VERÌ ASSENTE. Alla seduta, a cui non era presente l’assessore regionale alla sanità Nicolettà Verì, che a quanto riportato dal capogruppo Pietro Quaresimale era impegnata in altra riunione, hanno partecipato fra gli altri come uditori il parlamentare pentastellato Fabio Berardini, i consiglieri regionali Quaresimale e Sandro Mariani, il rettore dell’Università aquilana Edoardo Alesse, il presidente della Provincia di Teramo Diego Di Bonaventura e i due direttori generali delle Asl di Teramo Maurizio Di Giosia e dell’Aquila Roberto Testa. E se Berardini ha dato disponibilità a farsi portavoce con il ministero di una richiesta di deroga supportata da relazioni e dati, Di Bonaventura ha rimarcato che forse la richiesta è tardiva, bisognava farla nel 2016 «quando potevamo chiedere tutto».
PARERI DIVERSI. Sfaccettati gli interventi dei consiglieri. Il presidente della commissione comunale sanità di Teramo, Vincenzo Cipolletti ha parlato della necessità di ospedali dotati di alta tecnologia e con adeguate dotazioni di personale, Giustino Masciocco, capogruppo Mdp all’Aquila ha sottolineato che il Gran Sasso non è un ostacolo visto che la collaborazione Teramo-L’Aquila già c’è. Giandonato Morra, capogruppo di centrodestra a Teramo, ha osservato che ora ci si deve rapportare con Regione e governo, per l’inizio di un percorso congiunto e importante perchè «l’area metropolitana Pescara-Chieti si sta costituendo e avrà una forza che andrà a comprimere le aree interne». Il capogruppo aquilano di Forza Italia Giorgio De Matteis ha sottolineato «il messaggio forte per salvare un sistema sanitario che rischia di collassare». E Americo Di Benedetto (consigliere regionale e comunale all’Aquila) invita a controllare i documenti approntati dalla Regione.
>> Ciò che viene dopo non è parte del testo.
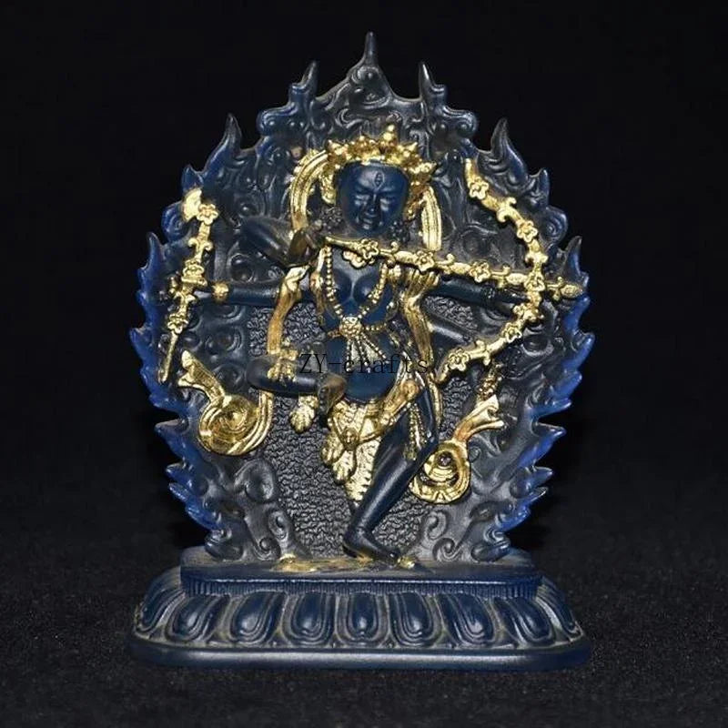 Tibet Buddhism Blue Liuli Glaze Glass Handmade Gild Buddha Buddha Statue
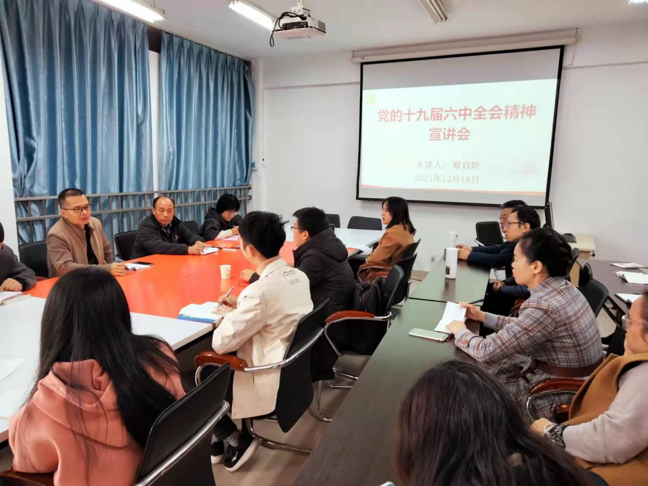 12月16日上午,信息系和食品系联合党总支召开十九届六中全会精神宣讲会,系党总支书记郑启阶作了宣讲报告,两系教职工参加了宣讲会议。
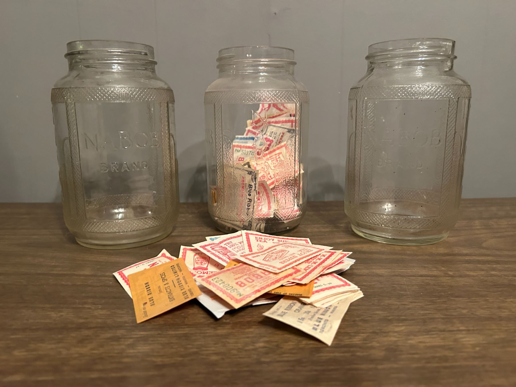 3 vintage NABOB coffee jars with variety of NaBOB coupons

Invito simile da Ilaria De Sanctis, consigliera teramana che invita a verificare il fatto che la giunta abbia deciso di non decidere: «si leggerebbe nel piano che si presenterà al governo che tutti e quattro gli ospedali dei capoluoghi possono ospitare per tre anni funzioni di secondo livello». Mauro Di Dalmazio, altro capogruppo di opposizione teramano ha invitato ad «azioni costanti. Questa battaglia può avere esito se la Regione la fa propria: solo così si potrà ottenere la deroga dal governo». «Dobbiamo pretendere che la Regione ci ascolti», ha aggiunto il capogruppo del Pd teramano Luca Pilotti, «e con lo Stato valuti che ci sono elementi diversi rispetto a quelli su cui si basa il decreto Lorenzin». Così il capogruppo Pd aquilano, Stefano Palumbo: «l’alleanza Chieti-Pescara è conseguenza naturale del dibattito in corso da tempo in quei territori. Per noi è diverso: dobbiamo rivendicare gli stessi diritti in maniera più strutturale». Il consiglio congiunto è rimasto convocato in seduta aperta.